Every line of the listing below should come back exactly as written, with no images.

# [The data]
------------------------
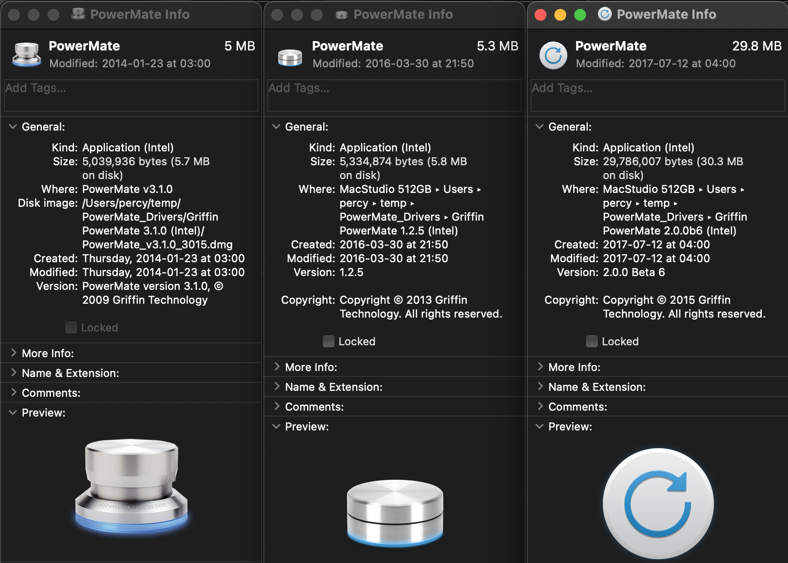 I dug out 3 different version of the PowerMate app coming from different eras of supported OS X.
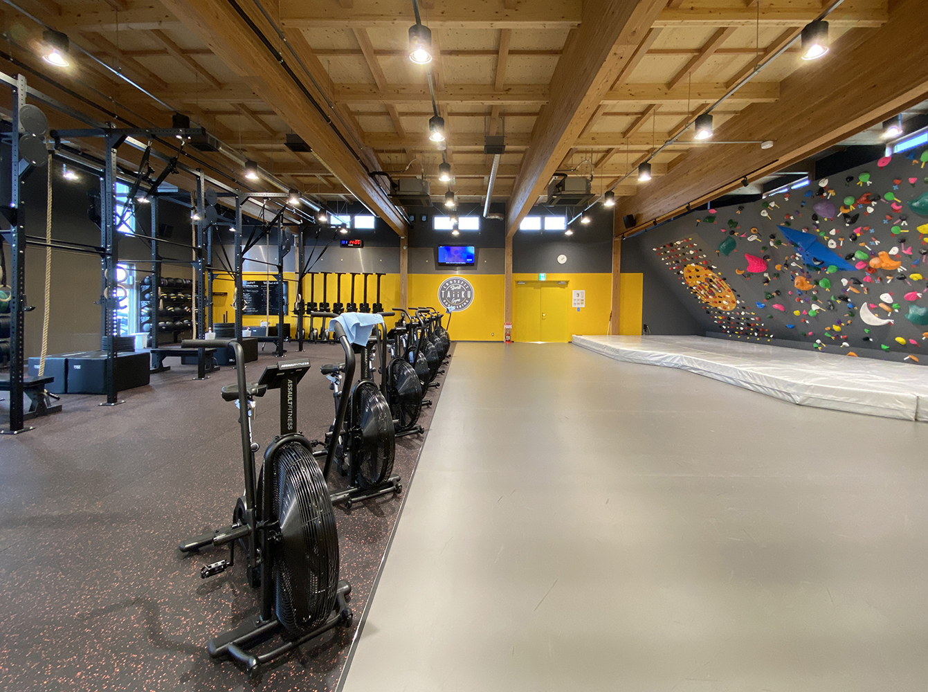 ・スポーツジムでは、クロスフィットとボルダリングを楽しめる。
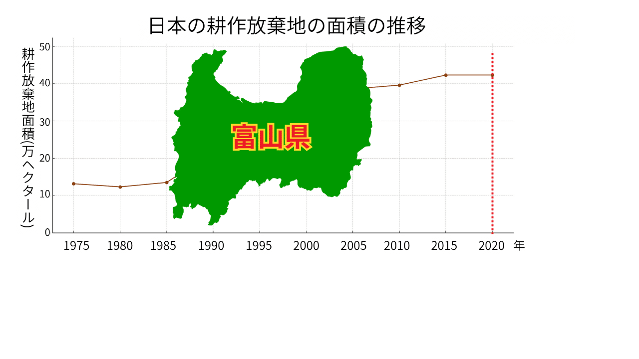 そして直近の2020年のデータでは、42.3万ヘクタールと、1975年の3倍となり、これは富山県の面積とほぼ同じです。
------------------------
# [Exercise answer]
 I dug out 3 different version of the PowerMate app coming from different eras of supported OS X.
 ・スポーツジムでは、クロスフィットとボルダリングを楽しめる。
 そして直近の2020年のデータでは、42.3万ヘクタールと、1975年の3倍となり、これは富山県の面積とほぼ同じです。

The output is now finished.